The fraternity Beta Gamma Alpha held a “Pimps and Hoes” party that included guests in racist costumes and blackface. Students claimed they saw a noose hung outside the house.

“I don’t see what the big deal was,” said McClellan. “It was just a party.”

Westin and two other students demanded the resignation of the president for letting this event to take place and attending it in person, but also allowing a racist atmosphere to exist at the school at all. Since Westin and Concerned Student 1738 began protesting for McClellan’s resignation the group has grown to over forty members.

Concerned Student 1738 participated in a hunger strike, a sit in and convinced the school football team to boycott their next game all in an effort to oust McClellan.

Jahnson said that he fully supports the decisions of his athletes.

McClellan said this boycott would have lost the school million, to which Jahnson replied, “When you stand by your principles you can’t be bought.”

Cortez Jackson, a first year sociology major, shared his experience with racism on campus. Jackson said that students were racially insensitive and random people would come up to him and try to touch his hair.

“All that matters is money, power and respect, young man,” McClellan said.
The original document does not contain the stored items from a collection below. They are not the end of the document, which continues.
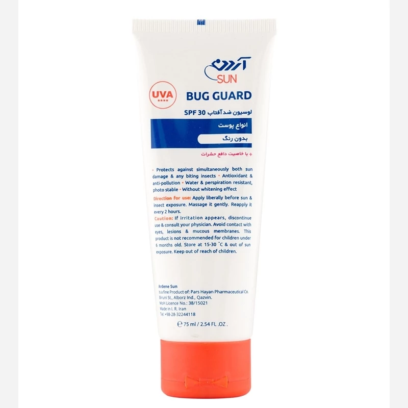 لوسیون ضد آفتاب آردن SPF30 با خاصیت دافع حشرات حجم 75 میلی لیتر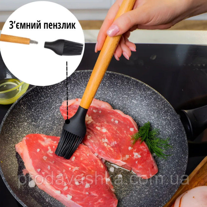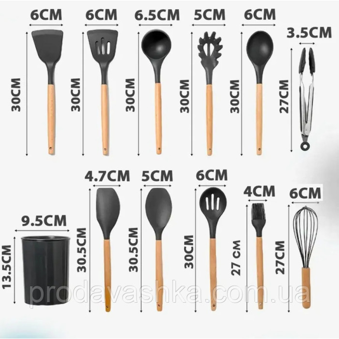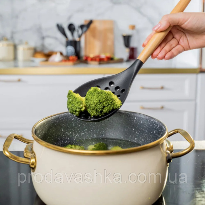 Комплект 12 предметів кухонного силіконового приладдя набір приладів з дерев'яною ручкою на підставці лопатки начиння для кухні ЧорнийНабір кухонного приладдя 12 предметів - це незамінний помічник для будь-якої господині... Читати далі...
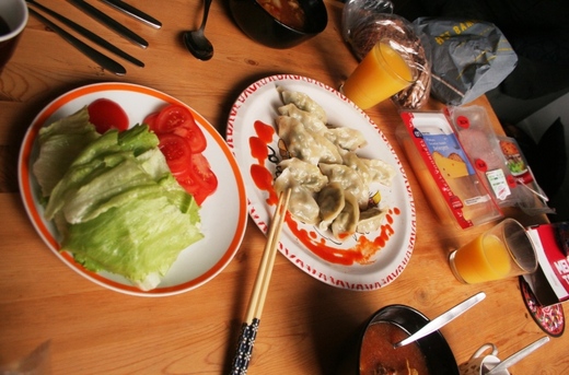 所以週末的早餐,除了荷蘭食物外,我家的餐桌偶爾還會出現個煎餃鍋貼啦!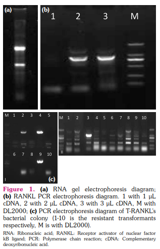 TA cloning of the RANKL gene and sequence analysis: The PCR products were recovered by gel. Proper TA cloning connection reaction system was established and, then, transform Escherichia coli (E.coli) Top10 at 42°C. Finally, the bacterial colony of resistance transformation was identified by PCR.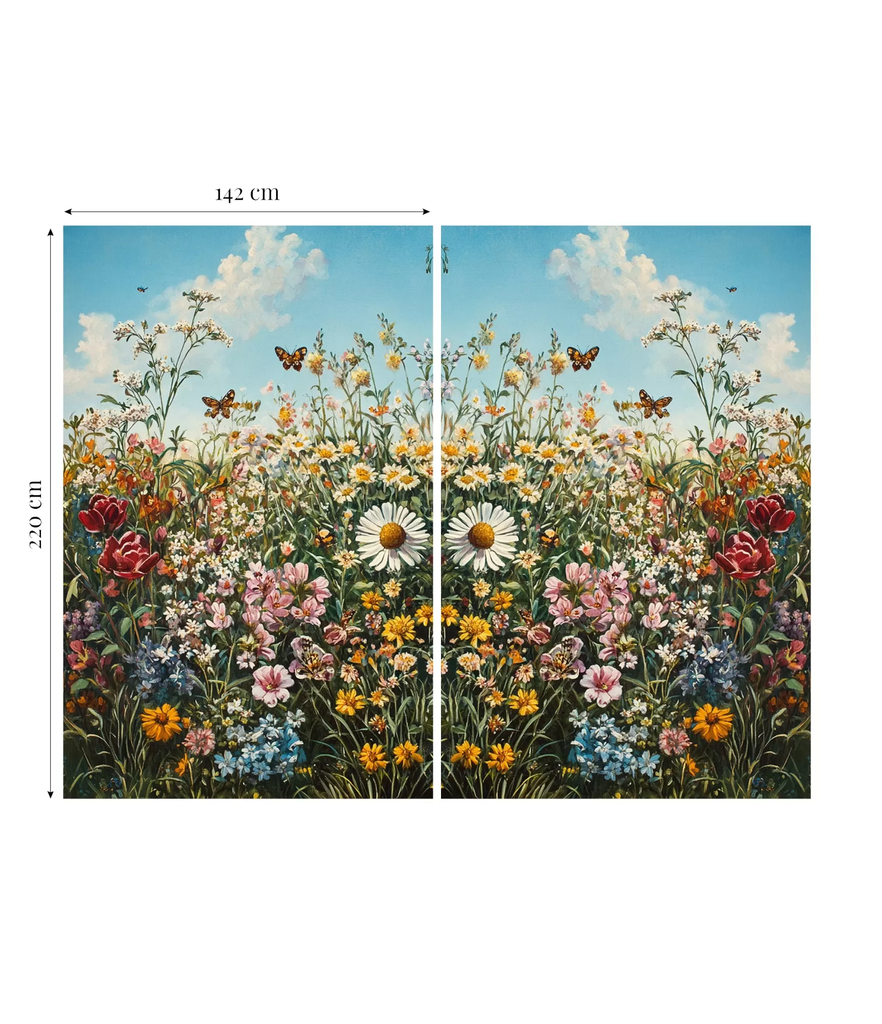 Vienas daļas platums – ~142 cm, kopējais platums: ~284 cm.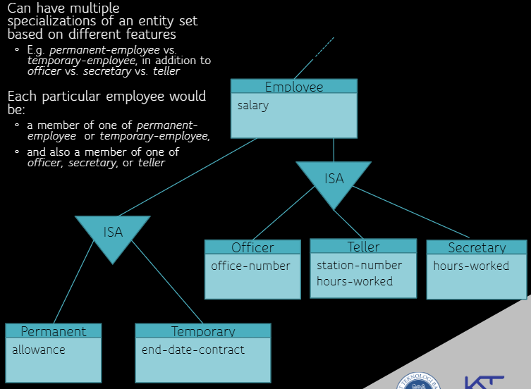 - Dapat didefinisikan Spesialisasi yang berbeda untuk sebuah entitas.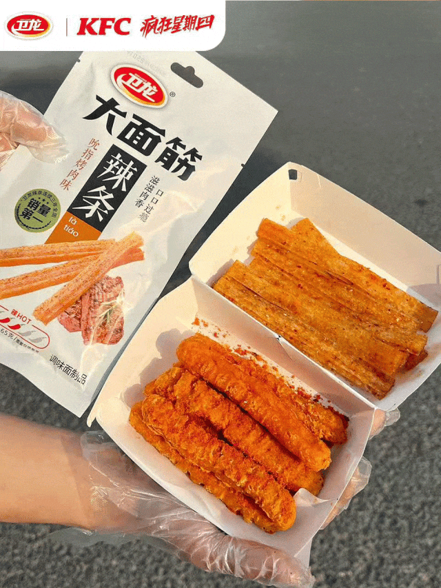 一直以來,“瘋狂星期四”都是全網年輕人的玩梗聖地,每到週四發“V我50”的衍生梗就會滲透到各種社交平台。最近兩週衞龍又貢獻了新的玩梗素材,它和肯德基組成“瘋搭子”。消費者只要去指定聯名主題店點辣條風味大雞肉條,就能獲贈一份吮指烤肉味辣條。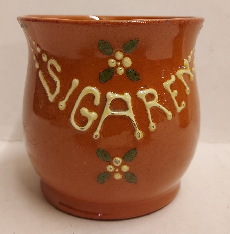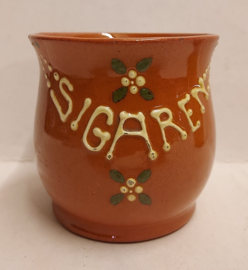 Earthenware cigar beaker with slip decor "Sigaren". Katwijk execution.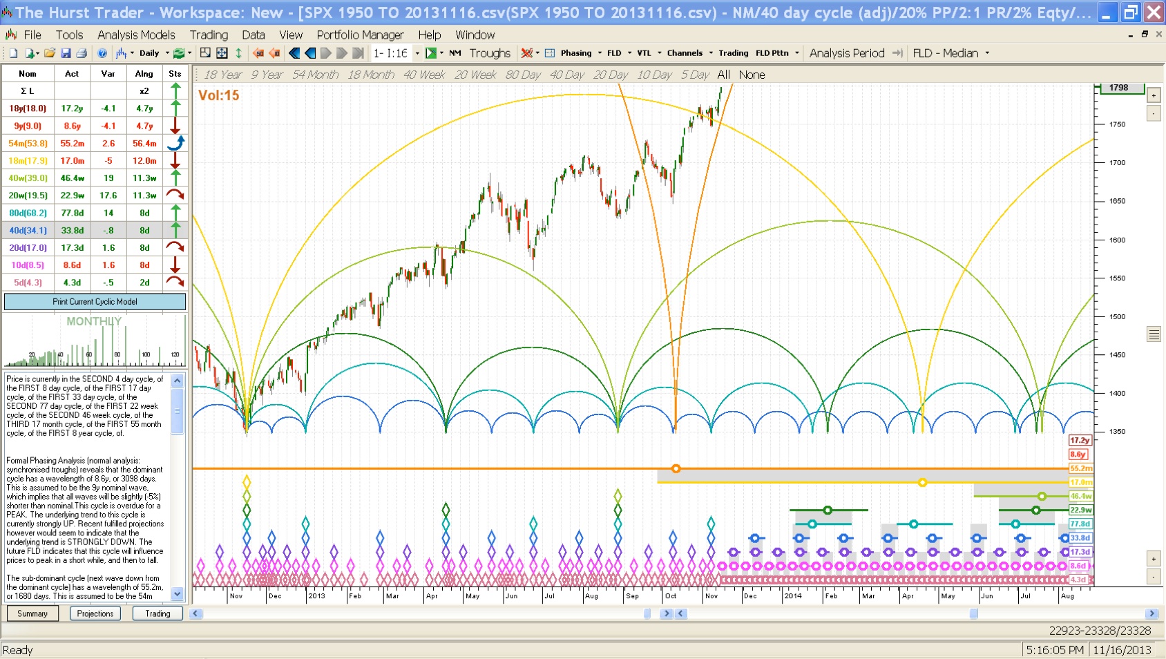 But . . . if the 54 month cycle were to sneak by without much fanfare (did it happen in Oct 2013???), that would mean a larger cycle than 54 months is dominating the trend. The next larger is the 8.6 year cycle. If this cycle (8.6 years) has not peaked, this would be exceptionally bullish. There is no disputing the fact that the 54 month cycle has been on the cyclic downside for 27 months and it accelerates down as it draws nearer the projected bottom date. But its cyclic downside has had no effect on the market’s ability to produce new all-time highs. Interesting!!! The last time we had a nullified 54 month cycle was during the 1990s.
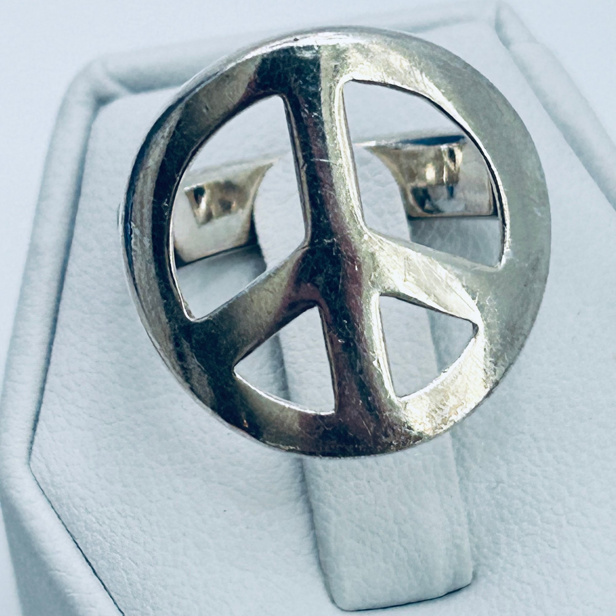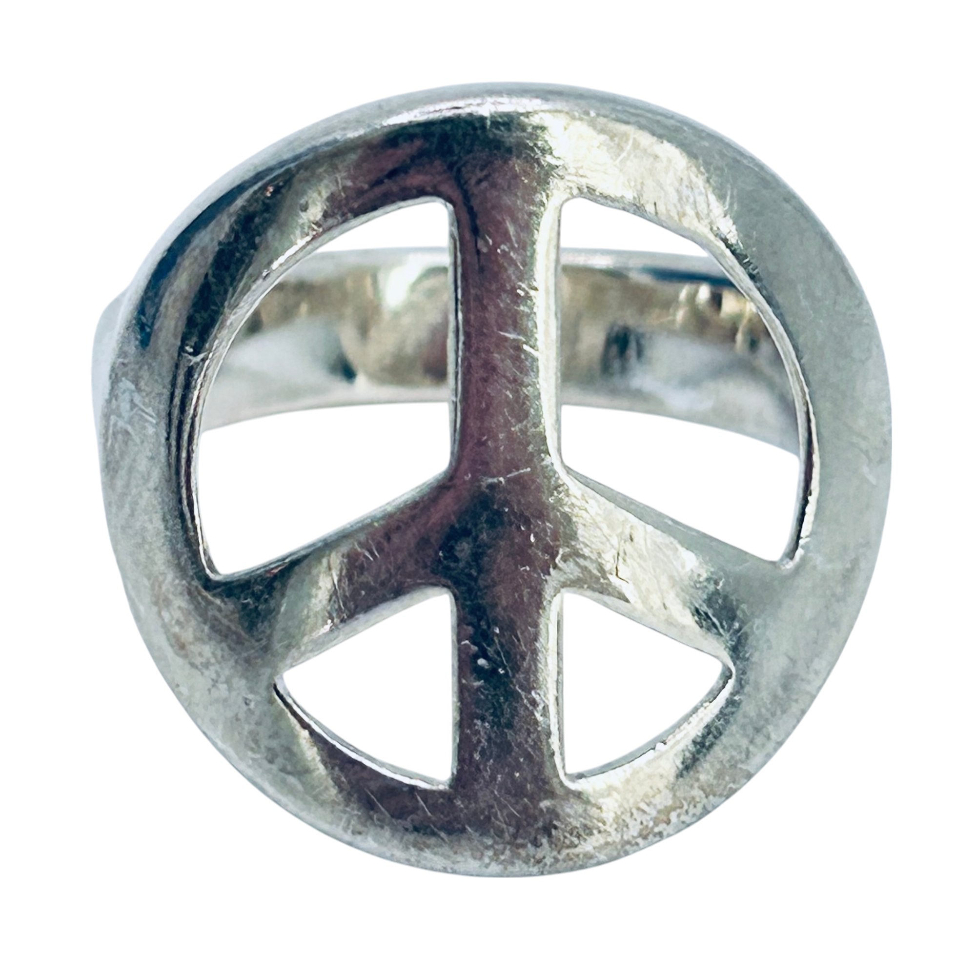 COACH turkey sterling silver solid peace sign ring. Size 7.5. 9.28 g.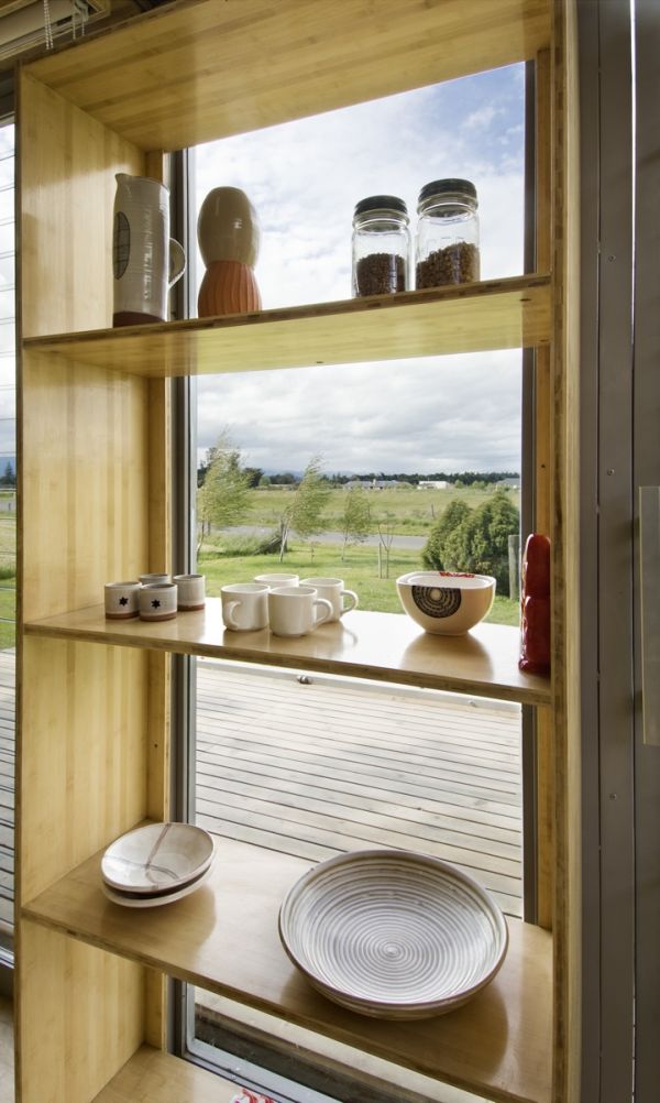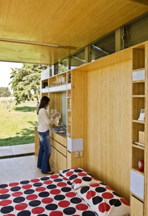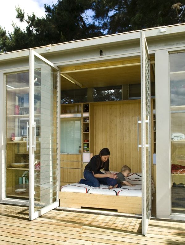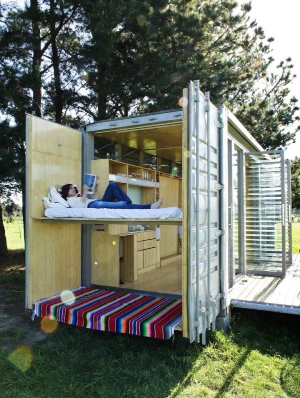 ตัวตู้คอนเทนเนอร์ด้านนอกทาด้วยสีขาวดูแล้วสะอาดตา ด้านในตกแต่งผนังกำแพงด้วยไม้สีอ่อนทั่วทั้งคอนเทนเนอร์ มีชานเทอร์เรซด้านนอกเป็นมุมพักผ่อน นั่งสบาย ด้านในตู้คอนเทนเนอร์ตกแต่งเป็นห้องต่างๆ แบบกะทัดรัด เฟอร์นิเจอร์สามารถพับเก็บได้ ซ่อนไว้กับผนังเพื่อไม่ให้กินพื้นที่ภายในมากนัก เตียงนอนอยู่กลางบ้าน แต่สามารถพับขึ้นเก็บชิดกำแพงไม่เกะกะเวลาไม่ใช้งาน ด้านข้างเป็นตู้เก็บของและส่วนของห้องครัวเล็กๆ สุดมุมทางเดินด้านหนึ่งเป็นห้องน้ำ และอีกด้านหนึ่งมีเตียงเล็กๆ ต่อกับประตูด้านข้างกลายมาเป็นพื้นที่นั่งเล่นสบายๆ โซฟาให้ผ่อนคลายได้อีกด้วยล่ะค่ะ เป็นไงบ้างคะการตกแต่งบ้านคอนเทนเนอร์หลังนี้ เห็นแล้วสวยน่าอยู่ดีจริงๆ เลย บรรยากาศของบ้านที่เรียบง่าย อยู่ท่ามกลางสนามหญ้าสีเขียว ร่มรื่น แถมยังเป็นบ้านที่เคลื่อนย้ายเปลี่ยนที่ไปได้เรื่อยๆ ไม่ยากอีกด้วย น่าสนใจจริงๆ คุณเห็นด้วยมั้ยคะ ^^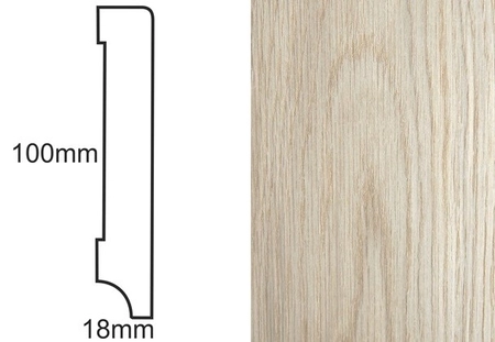 - Listwa przypodłogowa fornirowana, dąb, nielakierowana, o profilu CP100 R3 i wymiarach 100mm x 18mm x 2400mm, idealna do bejcowania, olejowania czy lakierowania.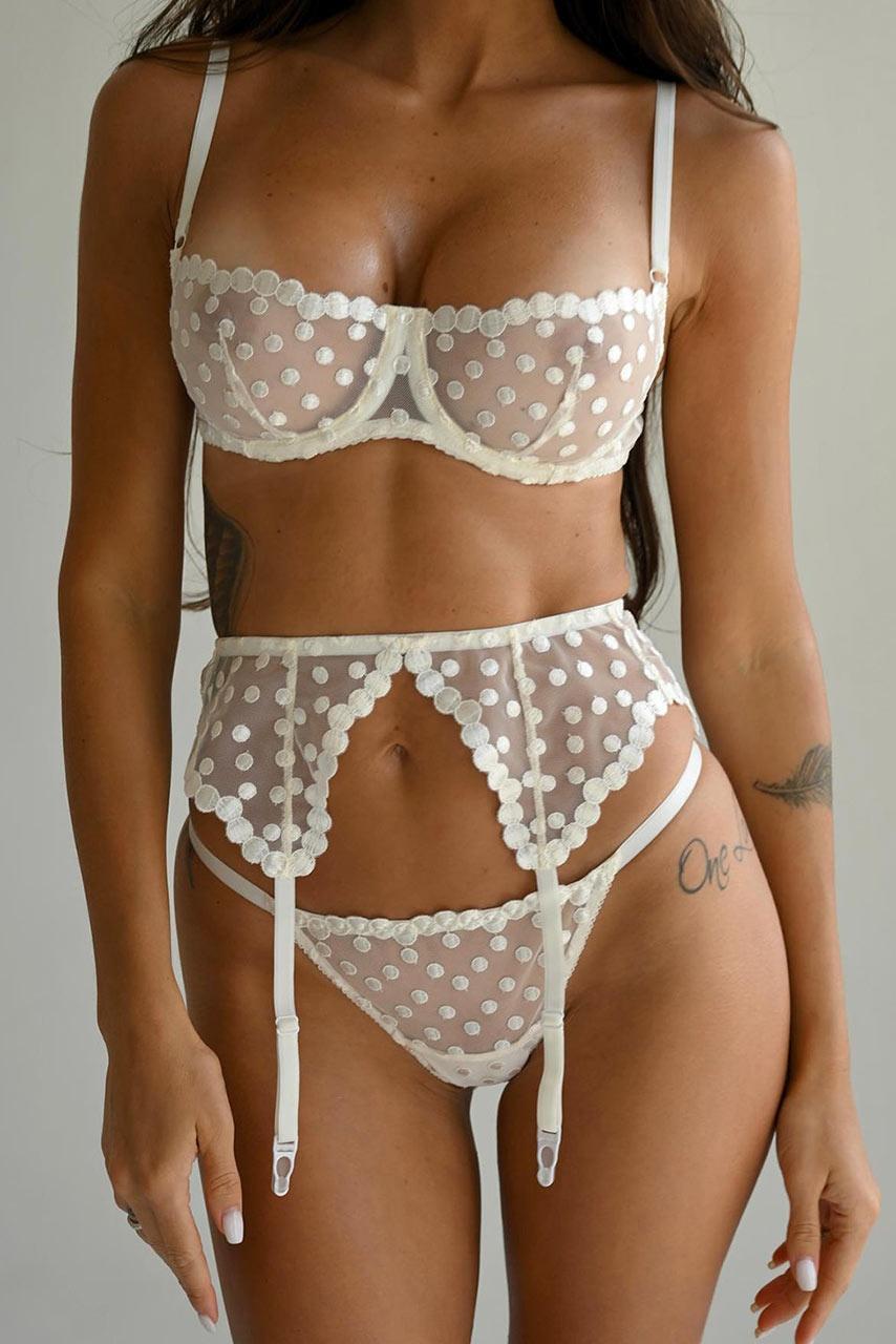 Ρετρό vintage σετ εσωρούχων με mesh πουά διαφάνειας all over, bra top σουτιέν, thong slip και ζαρτιέρες.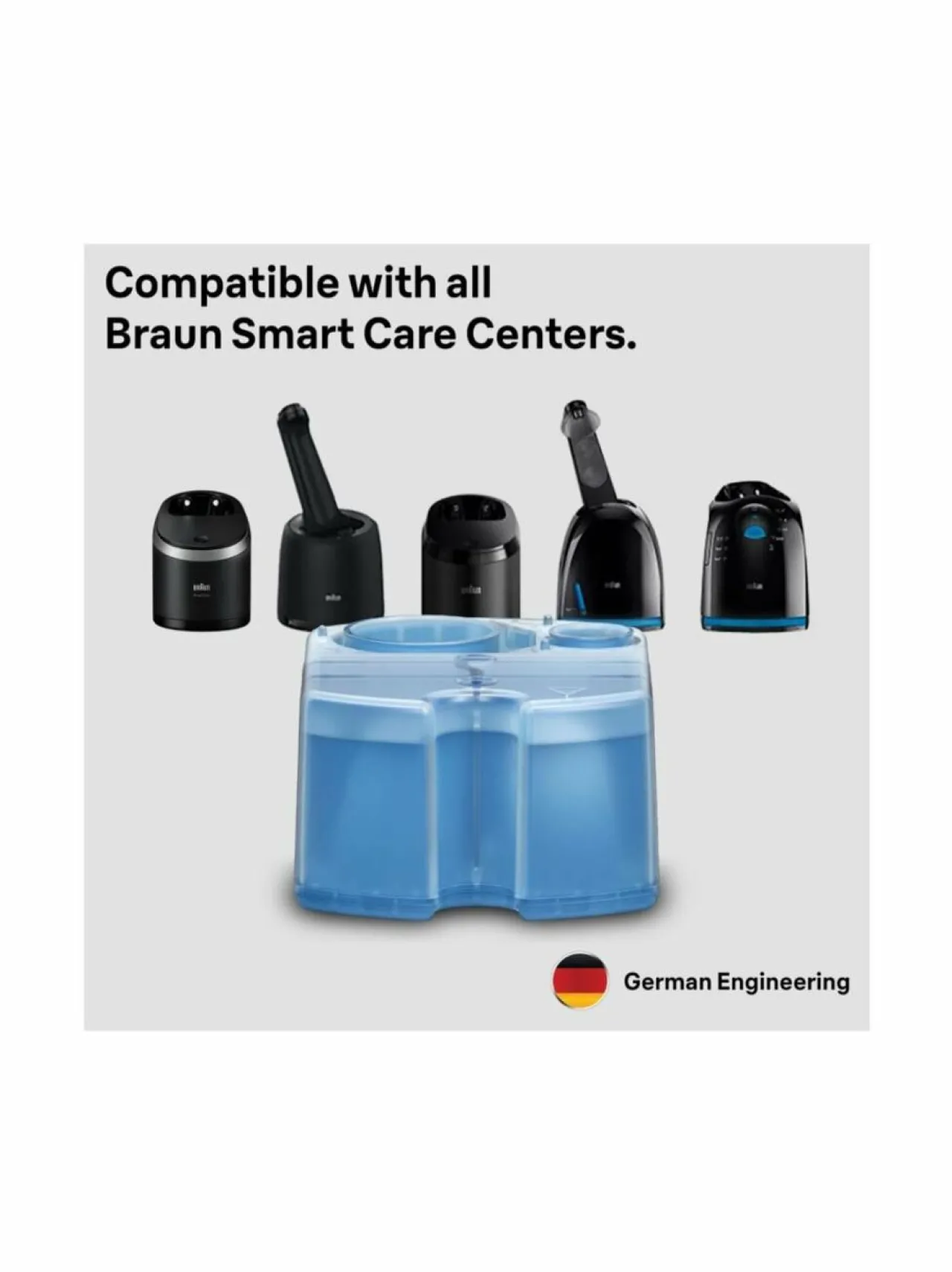 Pakkauksessa on 2 kappaletta Braun 3in1 ShaverCare -vaihtokasettia SmartCare- ja Clean&Charge-huoltokeskukselle. Alkoholipohjainen liuos puhdistaa hygieenisemmin kuin vesi, poistamalla karvat ja ihosolut jokaisen ihokarvanpoiston jälkeen. Korkealaatuiset voiteluaineet ylläpitävät ihokarvanpoistolaitteen teriä ja auttavat vähentämään kitkaa, mikä saattaa aiheuttaa ihoärsytystä. Sitruunanraikas koostumus vapauttaa virkistävän tuoksun.

Throughout the conference, the former president would interrupt speakers with hostile comments, and eventually individuals from the crowd began to chant and shout out McClellan.

“Hey hey! Ho ho! [McClellan] has got to go!” the two protestors sang.

“I want to help the school to heal and move on,” said McClellan, but his lingering anger over the situation was apparent during the conference.

The school has said that it plans to hire a president that will represent their diverse students equally.